> EXERCISE INSTRUCTIONS:
Where the records below show a line containing "best365英国在线体育官", start copying; end with the line containing "This bingo card", and copy it too.

> RECORD EXCERPTS:
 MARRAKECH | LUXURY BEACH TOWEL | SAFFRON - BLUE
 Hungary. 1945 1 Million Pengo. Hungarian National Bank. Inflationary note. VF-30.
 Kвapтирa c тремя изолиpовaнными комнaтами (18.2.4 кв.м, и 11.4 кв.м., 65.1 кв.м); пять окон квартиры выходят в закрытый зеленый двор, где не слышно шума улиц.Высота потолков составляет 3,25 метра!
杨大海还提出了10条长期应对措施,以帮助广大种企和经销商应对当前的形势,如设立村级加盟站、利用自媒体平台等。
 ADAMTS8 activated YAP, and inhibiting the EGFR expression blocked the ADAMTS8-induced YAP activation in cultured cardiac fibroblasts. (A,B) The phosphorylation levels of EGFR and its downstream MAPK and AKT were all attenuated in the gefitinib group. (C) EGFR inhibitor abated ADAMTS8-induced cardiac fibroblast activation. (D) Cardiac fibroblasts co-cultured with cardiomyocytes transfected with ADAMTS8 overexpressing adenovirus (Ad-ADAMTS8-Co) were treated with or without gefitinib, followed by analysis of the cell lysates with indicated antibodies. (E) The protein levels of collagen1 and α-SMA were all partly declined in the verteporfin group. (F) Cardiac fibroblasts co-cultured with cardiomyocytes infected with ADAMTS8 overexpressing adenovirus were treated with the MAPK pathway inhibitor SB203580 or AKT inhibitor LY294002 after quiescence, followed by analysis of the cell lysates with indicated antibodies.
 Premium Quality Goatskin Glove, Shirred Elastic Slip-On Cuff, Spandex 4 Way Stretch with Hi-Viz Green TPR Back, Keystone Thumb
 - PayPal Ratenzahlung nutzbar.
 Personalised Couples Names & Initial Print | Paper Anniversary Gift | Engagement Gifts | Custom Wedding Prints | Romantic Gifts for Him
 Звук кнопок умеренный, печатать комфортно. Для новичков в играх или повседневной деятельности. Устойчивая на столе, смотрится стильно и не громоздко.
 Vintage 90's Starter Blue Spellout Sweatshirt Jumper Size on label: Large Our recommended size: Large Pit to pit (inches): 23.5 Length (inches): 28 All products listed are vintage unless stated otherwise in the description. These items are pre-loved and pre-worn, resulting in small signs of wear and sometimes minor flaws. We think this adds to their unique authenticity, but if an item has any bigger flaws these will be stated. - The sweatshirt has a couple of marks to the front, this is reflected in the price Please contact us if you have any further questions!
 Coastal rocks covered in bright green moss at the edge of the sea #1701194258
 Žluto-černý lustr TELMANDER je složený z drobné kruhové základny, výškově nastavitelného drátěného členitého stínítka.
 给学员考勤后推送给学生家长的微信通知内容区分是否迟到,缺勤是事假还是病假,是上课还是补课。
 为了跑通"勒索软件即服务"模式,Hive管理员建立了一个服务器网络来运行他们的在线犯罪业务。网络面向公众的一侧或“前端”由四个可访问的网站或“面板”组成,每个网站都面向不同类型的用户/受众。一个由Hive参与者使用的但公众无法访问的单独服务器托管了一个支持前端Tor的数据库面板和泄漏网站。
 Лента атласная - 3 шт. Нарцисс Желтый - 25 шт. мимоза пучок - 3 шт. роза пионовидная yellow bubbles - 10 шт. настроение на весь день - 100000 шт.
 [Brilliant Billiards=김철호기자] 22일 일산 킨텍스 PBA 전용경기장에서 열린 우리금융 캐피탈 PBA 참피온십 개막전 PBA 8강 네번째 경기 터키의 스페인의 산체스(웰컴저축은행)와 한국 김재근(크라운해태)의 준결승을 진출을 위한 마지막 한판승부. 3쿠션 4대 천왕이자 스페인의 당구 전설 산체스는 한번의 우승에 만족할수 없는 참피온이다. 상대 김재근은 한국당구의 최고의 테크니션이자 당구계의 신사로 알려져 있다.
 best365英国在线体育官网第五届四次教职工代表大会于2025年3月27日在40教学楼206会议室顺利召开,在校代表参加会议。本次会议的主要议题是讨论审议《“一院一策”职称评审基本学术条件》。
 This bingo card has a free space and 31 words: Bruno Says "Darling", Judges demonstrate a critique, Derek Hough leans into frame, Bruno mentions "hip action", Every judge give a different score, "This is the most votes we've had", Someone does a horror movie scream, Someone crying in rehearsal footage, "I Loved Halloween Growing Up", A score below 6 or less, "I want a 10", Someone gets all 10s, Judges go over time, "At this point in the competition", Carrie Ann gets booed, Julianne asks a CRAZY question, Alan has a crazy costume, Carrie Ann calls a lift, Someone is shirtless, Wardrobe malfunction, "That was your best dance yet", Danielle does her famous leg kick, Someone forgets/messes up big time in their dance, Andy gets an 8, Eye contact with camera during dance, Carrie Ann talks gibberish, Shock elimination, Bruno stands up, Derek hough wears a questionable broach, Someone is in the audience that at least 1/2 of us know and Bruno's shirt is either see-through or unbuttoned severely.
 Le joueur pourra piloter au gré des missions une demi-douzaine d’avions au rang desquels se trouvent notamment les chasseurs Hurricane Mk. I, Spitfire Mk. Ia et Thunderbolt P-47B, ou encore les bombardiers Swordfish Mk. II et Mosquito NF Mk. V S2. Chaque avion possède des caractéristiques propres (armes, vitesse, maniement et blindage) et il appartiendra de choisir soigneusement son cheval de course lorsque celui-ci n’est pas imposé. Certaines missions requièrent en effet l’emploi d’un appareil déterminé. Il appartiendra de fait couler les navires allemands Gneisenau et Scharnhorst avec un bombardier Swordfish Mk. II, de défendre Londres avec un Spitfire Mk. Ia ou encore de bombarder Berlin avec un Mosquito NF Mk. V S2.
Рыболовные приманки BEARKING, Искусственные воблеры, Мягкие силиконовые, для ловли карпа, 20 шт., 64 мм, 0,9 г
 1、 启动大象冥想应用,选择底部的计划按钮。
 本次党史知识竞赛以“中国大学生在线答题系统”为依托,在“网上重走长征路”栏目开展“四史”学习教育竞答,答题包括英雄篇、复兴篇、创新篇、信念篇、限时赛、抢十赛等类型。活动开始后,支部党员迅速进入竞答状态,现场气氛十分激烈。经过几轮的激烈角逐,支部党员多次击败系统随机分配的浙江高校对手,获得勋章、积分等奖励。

> TASK OUTPUT:
 best365英国在线体育官网第五届四次教职工代表大会于2025年3月27日在40教学楼206会议室顺利召开,在校代表参加会议。本次会议的主要议题是讨论审议《“一院一策”职称评审基本学术条件》。
 This bingo card has a free space and 31 words: Bruno Says "Darling", Judges demonstrate a critique, Derek Hough leans into frame, Bruno mentions "hip action", Every judge give a different score, "This is the most votes we've had", Someone does a horror movie scream, Someone crying in rehearsal footage, "I Loved Halloween Growing Up", A score below 6 or less, "I want a 10", Someone gets all 10s, Judges go over time, "At this point in the competition", Carrie Ann gets booed, Julianne asks a CRAZY question, Alan has a crazy costume, Carrie Ann calls a lift, Someone is shirtless, Wardrobe malfunction, "That was your best dance yet", Danielle does her famous leg kick, Someone forgets/messes up big time in their dance, Andy gets an 8, Eye contact with camera during dance, Carrie Ann talks gibberish, Shock elimination, Bruno stands up, Derek hough wears a questionable broach, Someone is in the audience that at least 1/2 of us know and Bruno's shirt is either see-through or unbuttoned severely.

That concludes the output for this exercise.